Understanding Advance Tax: Nithin Kamath of Zerodha Offers Insights for Traders

As the deadline for filing advance tax approaches on March 15, Nithin Kamath, co-founder and CEO of Zerodha, shares valuable insights to help traders steer clear of potential notices and penalties.

Advance tax, often overlooked by traders accustomed to annual tax practices, entails paying taxes in instalments rather than in a lump sum. Kamath emphasizes the significance of understanding one’s tax liability, particularly for individuals with estimated tax dues of Rs 10,000 or more, primarily arising from capital gains.

What is Advance Tax?

Advance tax, also known as earn tax, requires taxpayers to make four instalment payments within specified deadlines set by the income tax department. These payments are obligatory for businesses, salaried employees, and freelancers alike.

For the financial year 2023-24, taxpayers are required to:

  1. Pay 15 percent of their advance tax by June 15
  2. Pay 45 percent of advance tax (minus any tax already paid) by September 15
  3. Pay 75 percent of advance tax (excluding previous payments) by December 15
  4. Pay the remaining or 100 percent of advance tax by March 15.

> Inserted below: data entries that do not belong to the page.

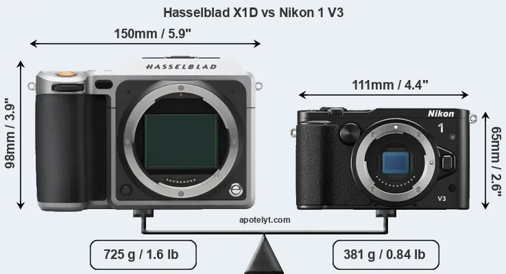 El tamaño físico y el peso de Hasselblad X1D y Nikon 1 V3 se ilustran en el siguiente gráfico. Las dos cámaras se muestran según su tamaño relativo. Todas las dimensiones están redondeadas al milímetro más cercano.
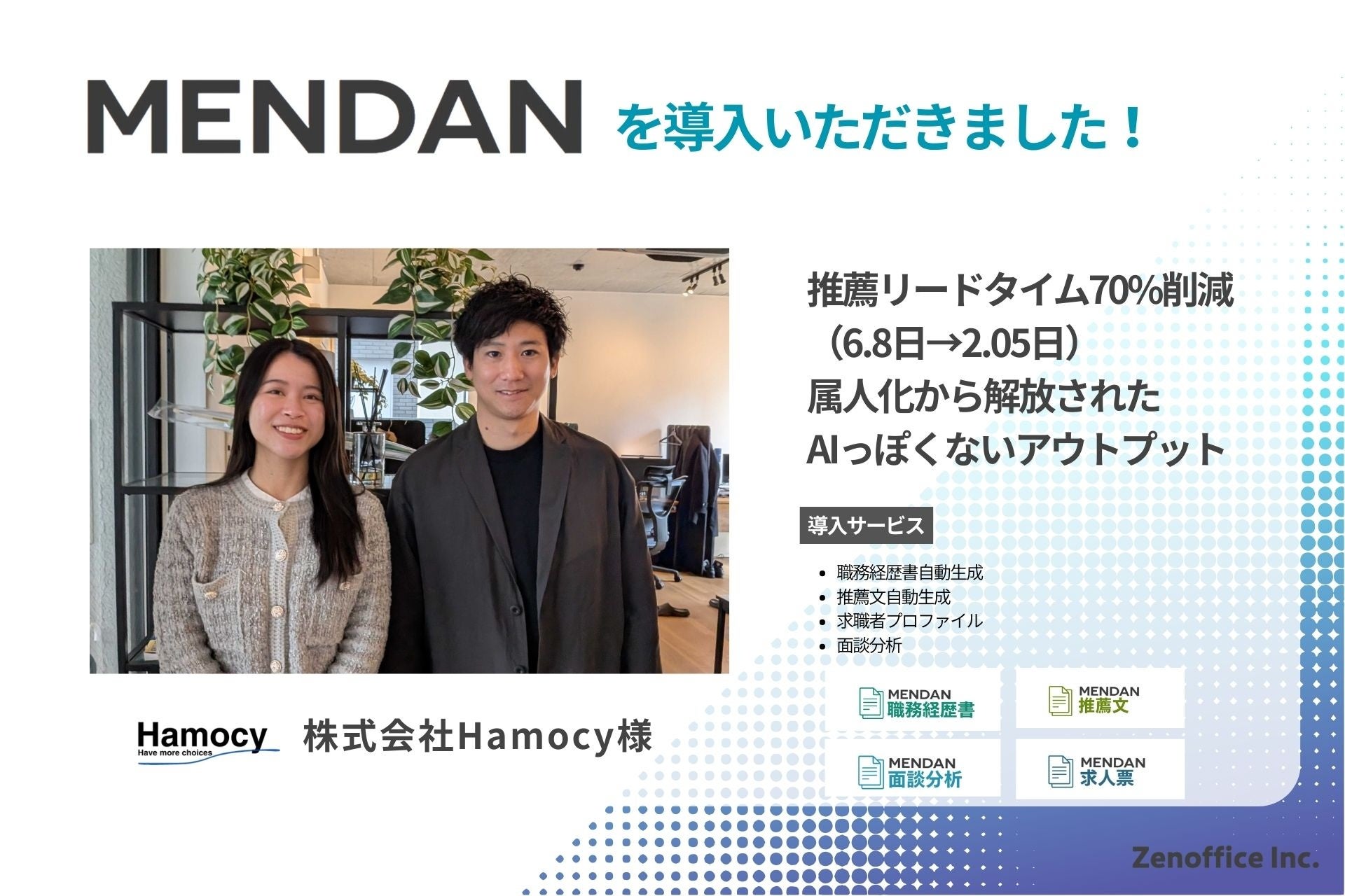 ZZen office株式会社(本社:大阪市中央区、代表取締役:岩瀬 恭裕、以下 当社)が提供する音声×AIエージェント「MENDAN」は、転職支援会社の株式会社HamocyがMENDANを導入したことで、推薦リードタイムを平均6.8日から2.05日へ70%削減し、さらに決定日数を116日から62日に短縮(最短21日で決定)した導入事例を公開しました。
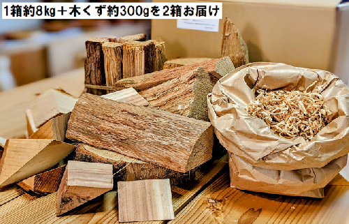 計約8kg+木屑約300gをセット/箱×2箱を結束して1梱包にしてお届けします。
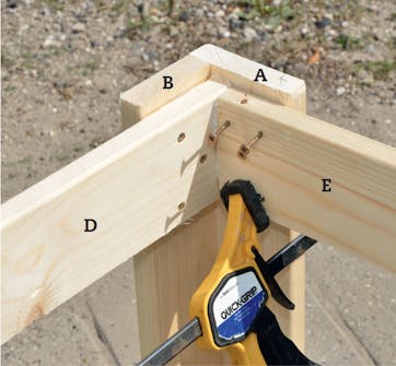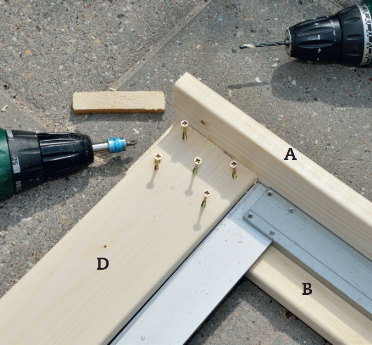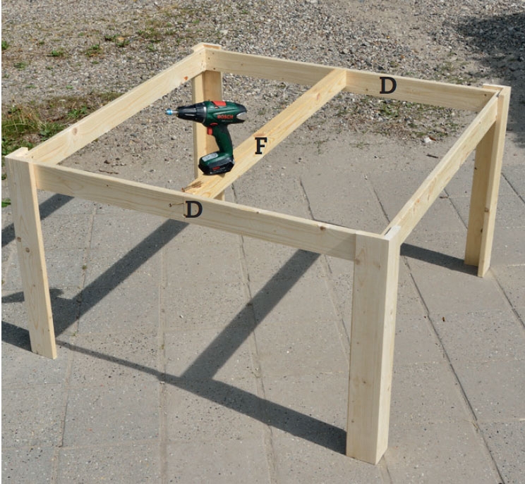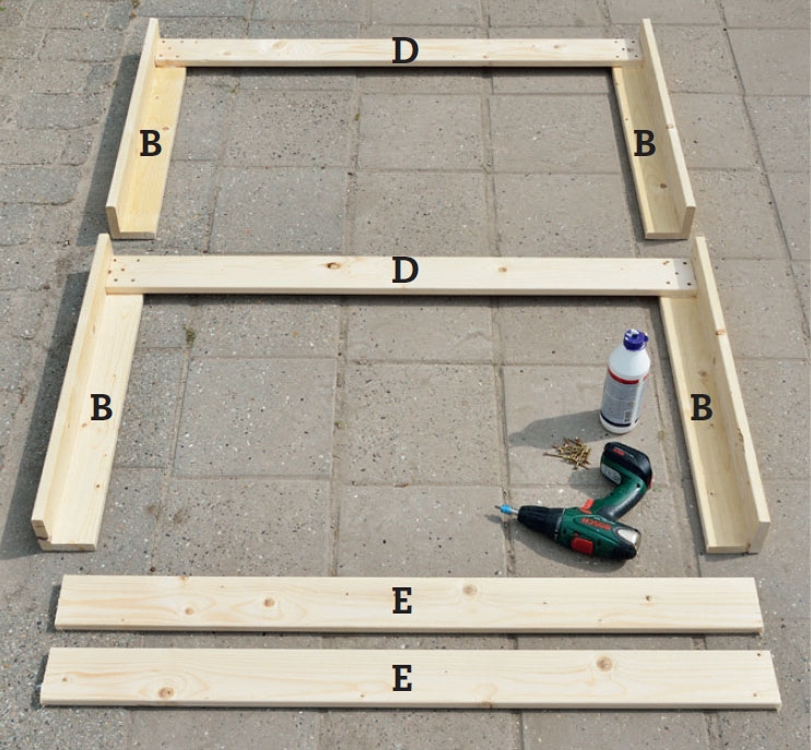 Kiinnitä toinen lyhyt sivu (E) jalkoihin (A) 4 x 35 mm:n ruuveilla ja liimalla. Tue se pitkiä sivuja (D) vasten ja sijoita yhtä etäälle jalkojen yläreunasta kuin äskenkin. Muista jälleen asettaa osat tarkasti suoraan kulmaan.
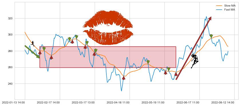 ⚅ 卖点向下突破均线后,价格走势有持续向下的迹象,但动能稍显不足,迟迟不能远离均线
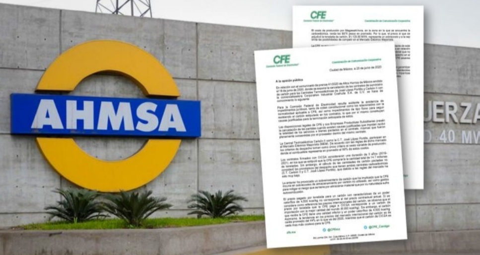 A través de un comunicado la CFE se informó sobre la cancelación a Altos Hornos de México y se explica las razones de la cancelación de los contratos de suministro de carbón para las Centrales Termoeléctricas de José López Portillo y Carbón II.
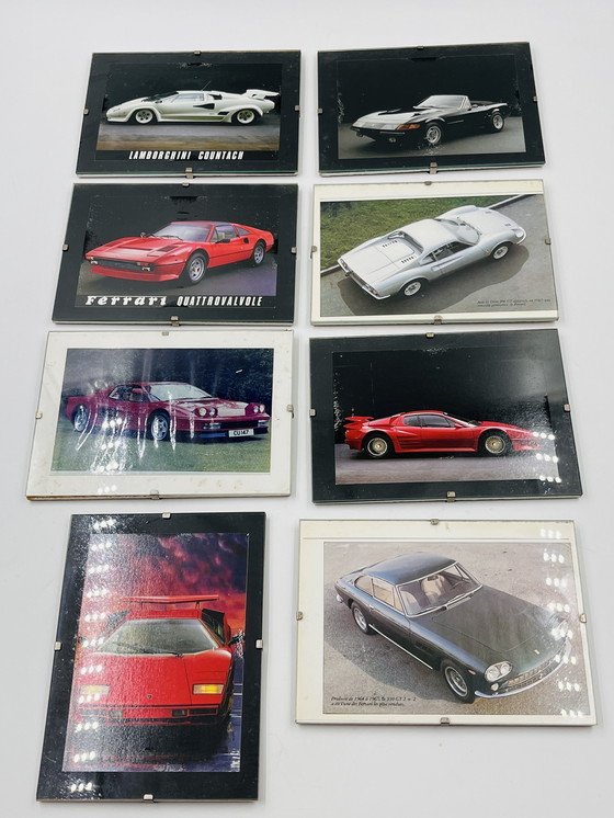 Rekindle your nostalgia with this stunning set of 8 vintage car postcards under glass! Perfect for car enthusiasts and collectors, these postcards feature iconic models like the Lamborghini Countach and the Ferrari Quattrovalvole. Each card captures the elegant design and timeless appeal of these classic cars.
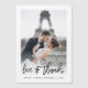 Diese Karte zeigt "Liebe & Dank" in Handschrift über einem Foto.

Understanding Taxable Income:

Kamath underscores that profits derived from Futures and Options (F&O) trading and intraday trading constitute business income for traders. According to Section 208 of the Income Tax Act, individuals with an estimated tax liability exceeding Rs 10,000 are obligated to pay advance tax.

How to Pay Advance Tax:

Taxpayers have the option to pay advance tax through offline or online channels. Offline payments can be made via over-the-counter options such as RTGS/NEFT at bank branches. Alternatively, online payments can be facilitated through the e-filing portal, where individuals can select the e-Pay option under Quick Links.

Consequences of Non-Payment:

Failure to pay advance tax by March 31 incurs an interest penalty of 1 percent on the unpaid amount. To avoid such penalties, Kamath advises traders to adhere to the prescribed deadlines and fulfil their tax obligations promptly.

In a bid to facilitate taxpayers, the Income Tax department has introduced a feature on the e-filing portal allowing corrections to online challans for ITR within 30 days, enabling adjustments to assessment year, major head, and minor head.